▶ [WORK INSTRUCTIONS] Range to repeat from the listing below: the line containing "ディスク型アンティークボヘミ" down to the line containing "2019 BC APPRENTICESHIP", both included. Copy it exactly, pictures excluded, and add nothing else.

▶ [RECORDS FOR PROCESSING]

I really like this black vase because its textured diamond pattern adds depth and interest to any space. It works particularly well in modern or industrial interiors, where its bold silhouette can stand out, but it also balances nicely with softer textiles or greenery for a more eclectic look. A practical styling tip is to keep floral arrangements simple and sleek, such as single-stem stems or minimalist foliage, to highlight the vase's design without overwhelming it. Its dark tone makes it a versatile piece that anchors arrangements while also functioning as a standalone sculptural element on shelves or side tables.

* * *

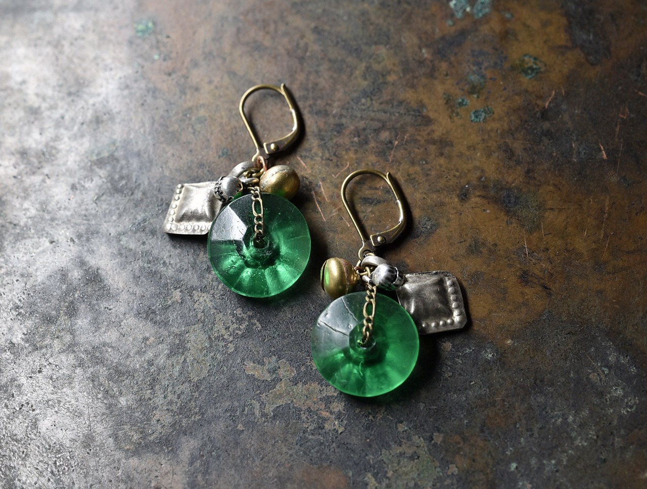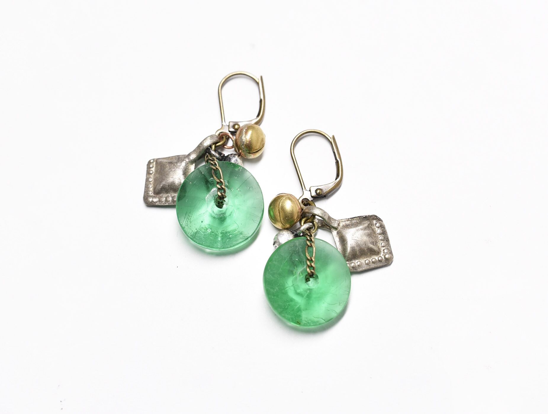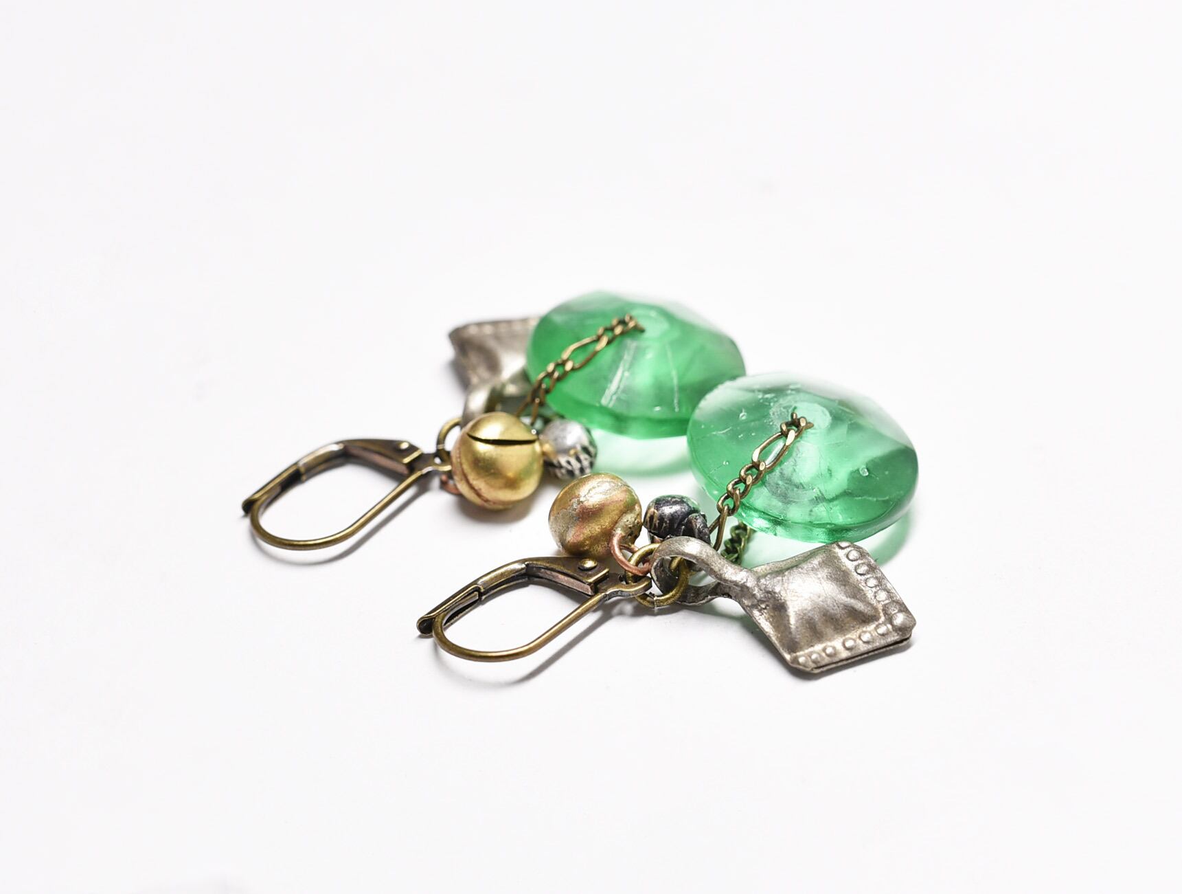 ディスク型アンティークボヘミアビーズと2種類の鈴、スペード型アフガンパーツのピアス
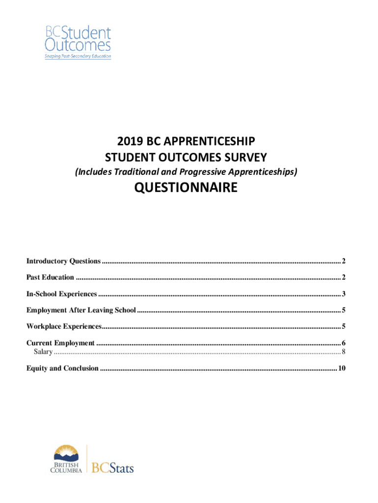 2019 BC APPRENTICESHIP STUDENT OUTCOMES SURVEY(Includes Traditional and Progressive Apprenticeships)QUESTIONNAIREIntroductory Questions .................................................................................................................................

▶ [SOLUTION FOR THIS TASK]
 ディスク型アンティークボヘミアビーズと2種類の鈴、スペード型アフガンパーツのピアス
 2019 BC APPRENTICESHIP STUDENT OUTCOMES SURVEY(Includes Traditional and Progressive Apprenticeships)QUESTIONNAIREIntroductory Questions .................................................................................................................................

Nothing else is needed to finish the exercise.